Each open handle gets a tiny per-handle page cache (PRAGMA cache_size, 64–256 KB).
The real cache is node-global: a hybrid RAM + NVMe-spill cache keyed by (db_uuid, page_no, txid) with a fixed budget of roughly 60% of container RAM.

Hot-handle count and cache budget are the two knobs; both are fixed per node, so capacity planning is arithmetic, not observation.

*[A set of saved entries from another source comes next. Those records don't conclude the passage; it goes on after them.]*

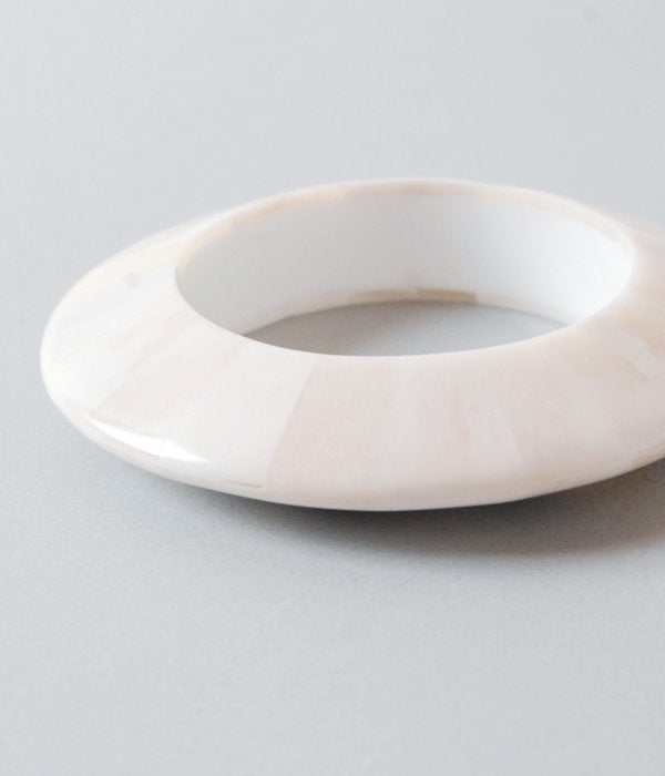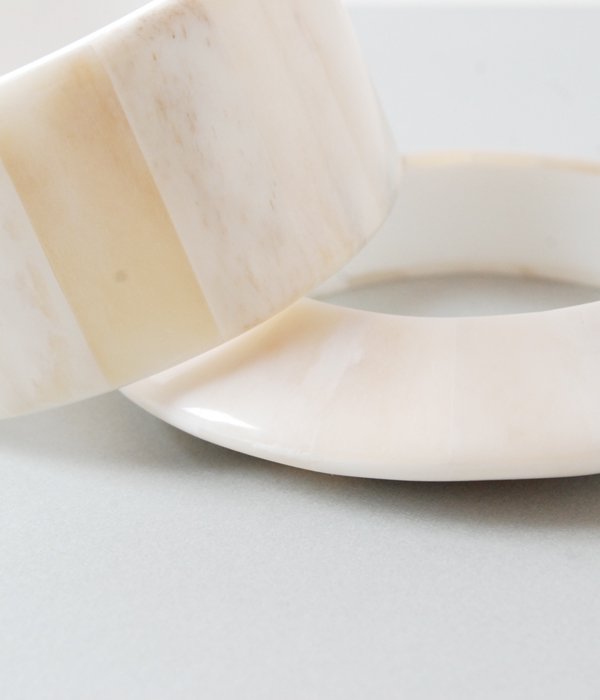 命を全うしたBUFFALO BONEをパッチワークし、エッジの効いたフォルムに仕上げたバングル。自然のカラーグラデーションが何とも美しく、様々なスタイルに馴染みます。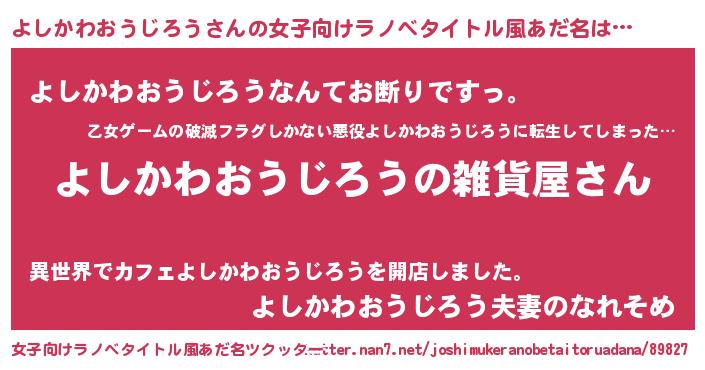 | 男性向けラノベタイトル風あだ名 | 『やはりよしかわおうじろうの青春ラブコメはまちがっている 』 |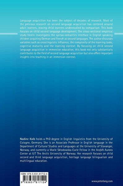 Language acquisition has been the subject of decades of research. Most of the previous research on second language acquisition has centered around adult learners, leaving child learners understudied by comparison. This book focuses on child second language development. The cross-sectional empirical study herein investigates the syntax-semantics interface in English speaking children acquiring German and French as second languages. The author discusses variables such as crosslinguistic influence, the complexity of the learning tasks, cognitive maturity and the learning context. By focusing on child second language acquisition in immersion education, this book not only substantially contributes to the field of second language acquisition but also offers important insights into teaching in an immersion context.
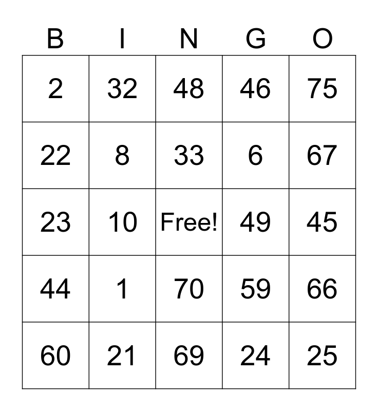 This bingo card has a free space and 24 words: 1, 21, 33, 60, 75, 2, 22, 32, 49, 70, 6, 23, 59, 66, 8, 24, 45, 48, 67, 10, 25, 44, 46 and 69.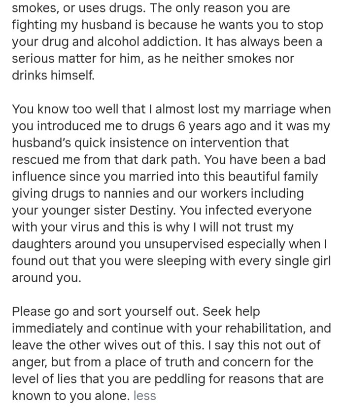 She then advised Regina to seek help immediately, continue with her rehabilitation and leave the other wives out of it.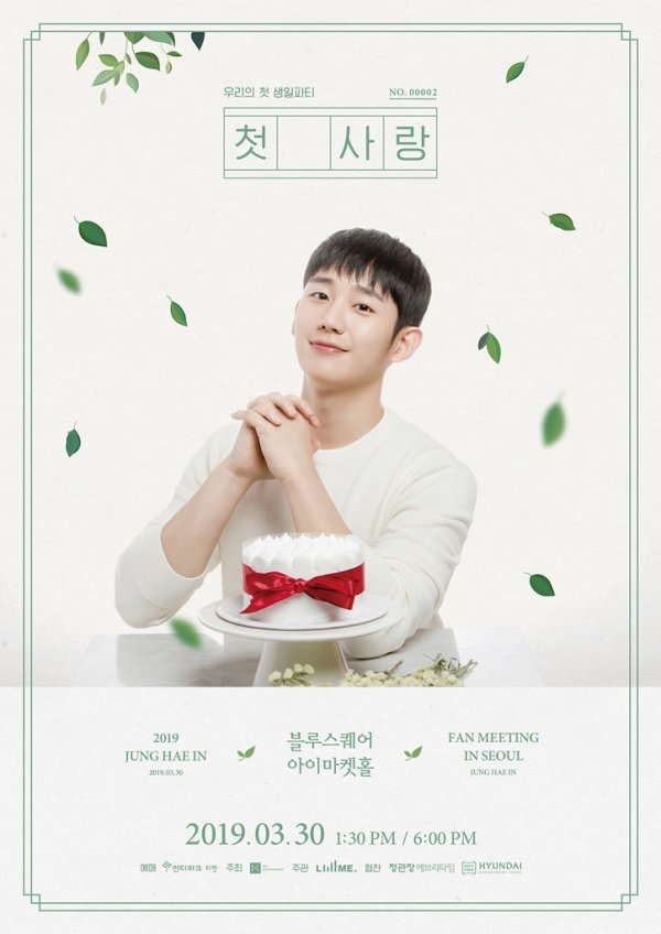 정해인은 오는 3월 30일 ‘2019 정해인 팬미팅-첫사랑’이라는 타이틀로 팬들과 만난다. \'우리의 첫 생일파티\'라는 부제로 열리는 팬미팅은 생일을 맞아 그간 팬들에게 받은 사랑을 보답하고자 마련된 자리다.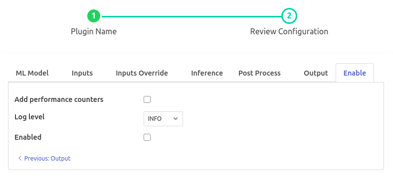 Following this the next screen will have the plugin configuration as shown below: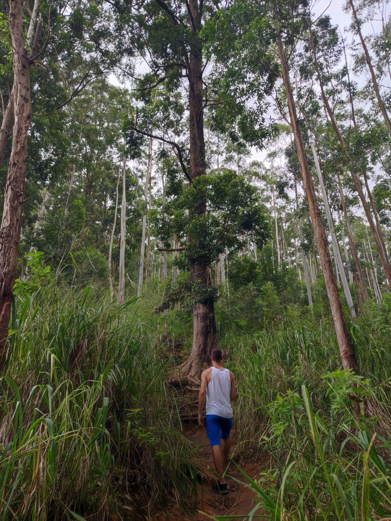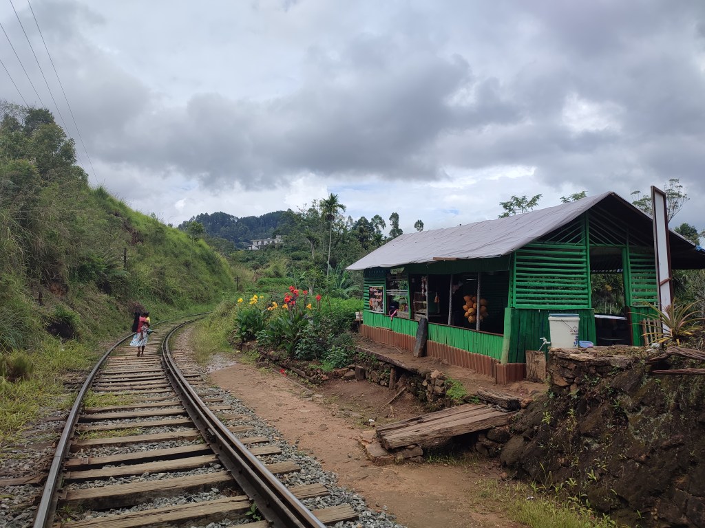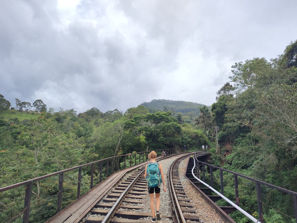 Von unserem Homestay aus wanderten wir auf den Ella Rock, eine etwa 10 km lange Wanderung, die schon abenteuerlich beginnt. Die ersten 2 km führen nicht etwa auf einem Wanderweg, sondern einfach über die (aktiven) Bahnschienen, die in Sri Lanka von den Einheimischen als ganz normaler Fußweg genutzt werden. Ankommende Züge kündigen sich mit Hupen an, auf das man schnell ins Bankett ausweichen kann 🙂

Writer leases: one per node, not per database

Single-writer SQL semantics come from etcd leases — but a lease per database would melt etcd at agent scale. Instead:

One etcd lease per node. Databases a node owns attach to that node’s lease, so etcd lease churn stays flat regardless of database count. Attachment keys exist only for the active set.
Lazy ownership. Cold databases are unowned. First write → the gateway finds no owner → placement picks a node (locality, load) → that node acquires ownership at epoch+1, wakes the database, and serves.
Failover ≤15 s. An owner dies → its node lease expires (≤10 s) → all its attachments release → the next write triggers re-acquisition at epoch+1 → the new owner restores from object storage and CAS-bumps the manifest epoch. Every segment and manifest write carries an epoch, so a zombie writer is harmless, not just unlikely (see Consistency).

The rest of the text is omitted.